The script compares the text against a list of unpermitted terms.
If the script finds a match, the term is highlighted in the editor.
When the user marks the term, the editor displays a list of permitted alternatives.

Example:

Prerequisites for the Termbase

As the script will check for unpermitted terms, it requires a list of unpermitted terms and their permitted alternatives. Each unpermitted term must be mapped to its alternative(s).
As the Word document we use as our termbase is not suited for these automated checks, I got rid of it completely. Instead I collected all terms in a .json file with the following format:

"unpermitted": ["permitted_alternative_1", "permitted_alternative_2"],

Example:

{
    "whitelist": ["allowlist", "safe list"],
    "blacklist": ["denylist", "blocklist"],
    "master": ["main", "primary"],
    "slave": ["secondary", "replica"],
    "dummy": ["sample", "placeholder"],
    "manpower": ["workforce", "personnel"],
    "sanity check": ["validation check", "integrity check"],
    "guys": ["folks", "everyone", "team"]
}

Alternatively, you can also use .yaml files.

If you’re working in a team of writers, make sure that the file is accessible to all team members.
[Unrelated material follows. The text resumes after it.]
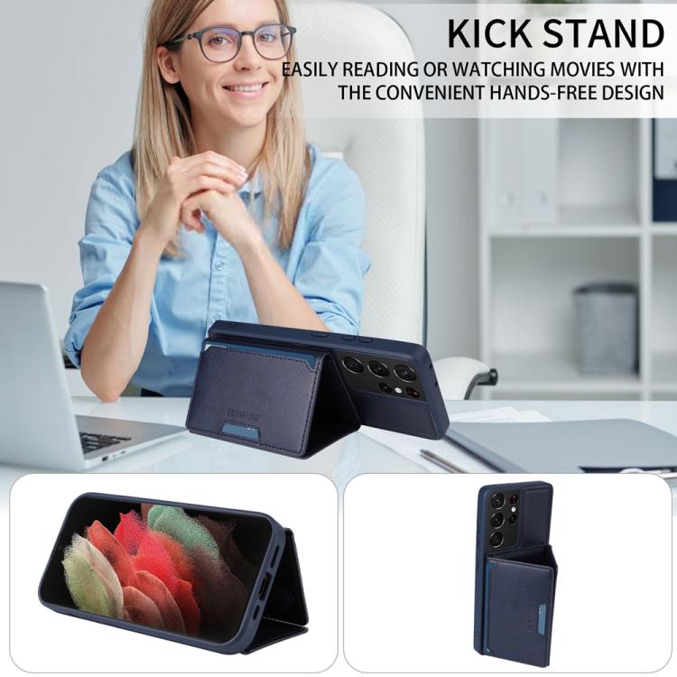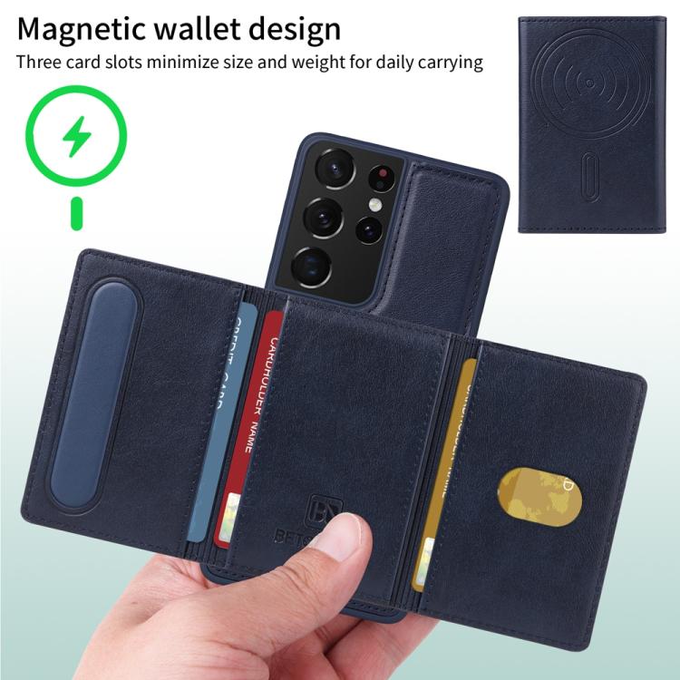 For Samsung Galaxy S21 Ultra 5G BETOPNICE Horizontal Flip Detachable MagSafe Wallet Phone Case(Blue)

Terminology Checks in VS Code

Follow the steps below to make Visual Studio Code check your terminology in realtime:

If you write documentation in Markdown, install the Markdownlint extension. Alternatively, install the ESLint extension. These extensions allow you to include a library of rules to encourage standards and consistency. The depicted example uses Markdownlint.
To add a custom rule, create a new java script file, e.g., in the installation directory of Visual Studio Code:
C:\Users\AppData\Local\Programs\Microsoft VS Code\custom-rules\term-checker.js.
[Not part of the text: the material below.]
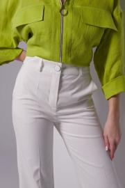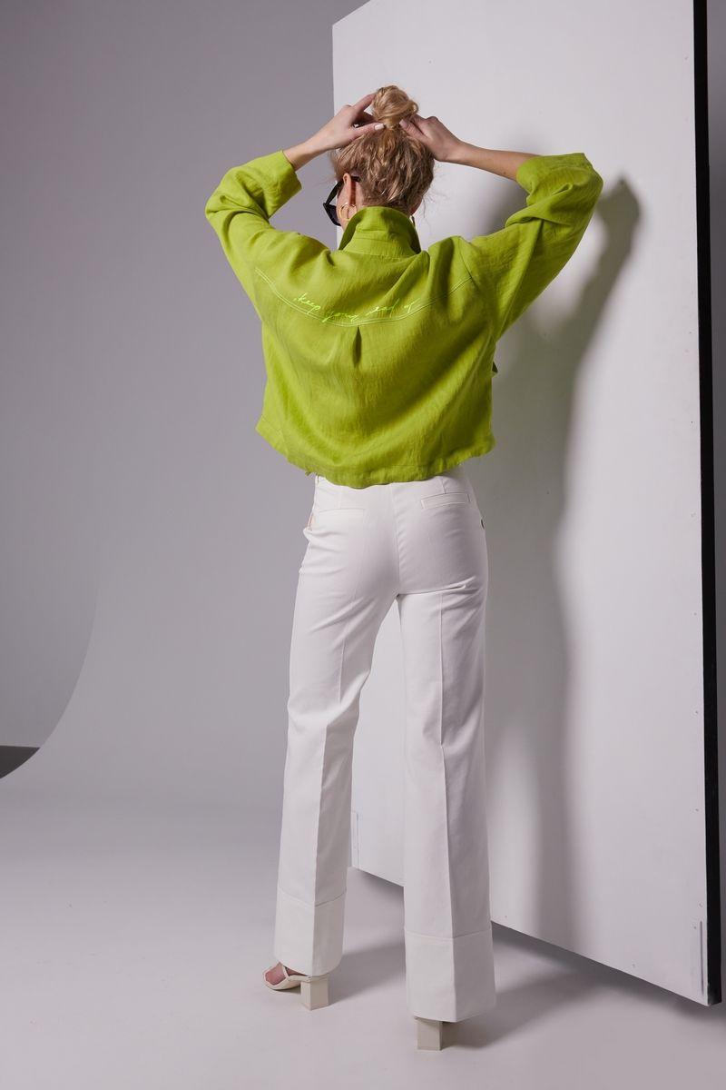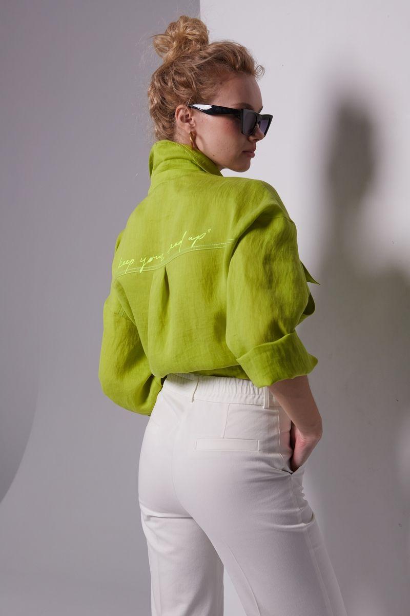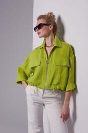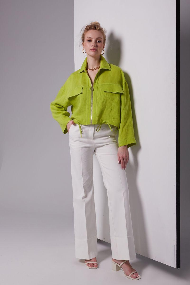 Жакет из платьево-блузочной ткани, прямого силуэта, свободного кроя «оверсайз» длиной чуть ниже талии, с отложным воротником на круглой горловине, со спущенной линией плеча, с втачными рукавами длиной до запястья. Детали переда с клапанами в шве притачивания кокеток, с карманами, наклонными к боковым швам, с притачными планками по борту и застёжкой на металлическую тесьму-молнию. Спинка с бантовой складкой по шву притачивания кокетки. По низу жакета отстрочена кулиса и втянут шнурок из основной ткани. Планки застрочены отделочной строчкой, по клапанам, кокеткам и воротнику прострочены двойные отделочные строчки. На кокетку спинки нанесена художественная печать.

Copy the following code into the java script file:

const fs = require('fs');
const path = require('path');

// Load the JSON file with unpermitted terms
const termsPath = path.resolve(__dirname, 'termbase.json');
const terms = JSON.parse(fs.readFileSync(termsPath, 'utf8'));

module.exports = {
    names: ["terminology check"],
    description: "Unpermitted term!",
    tags: ["terminology"],
    function: function rule(params, onError) {
        // Iterate through each line in the Markdown document
        params.tokens.forEach((token) => {
            if (token.type === "paragraph_open") {
                const lineNumber = token.lineNumber;
                const lineText = params.lines[lineNumber - 1];

                // Check for unpermitted terms
                Object.entries(terms).forEach(([unpermittedTerm, alternatives]) => {
                    const regex = new RegExp(`\\b${unpermittedTerm}\\b`, 'gi');
                    let match;
                    while ((match = regex.exec(lineText)) !== null) {
                        onError({
                            lineNumber,
                            detail: `Use instead: ${alternatives.join(", ")}`,
                            range: [match.index + 1, unpermittedTerm.length],
                        });
                    }
                });
            }
        });
    }
};

Replace termbase.json with the path to your list of terms.
Save the file and open Visual Studio Code.
Navigate to File > Preferences > Settings and scroll down to the settings of your lint extension.
Enter the path to the java script of the new custom rule, e.g.
C:\Users\AppData\Local\Programs\Microsoft VS Code\custom-rules\term-checker.js
Open a markdown file in Visual Studio Code and test the rule.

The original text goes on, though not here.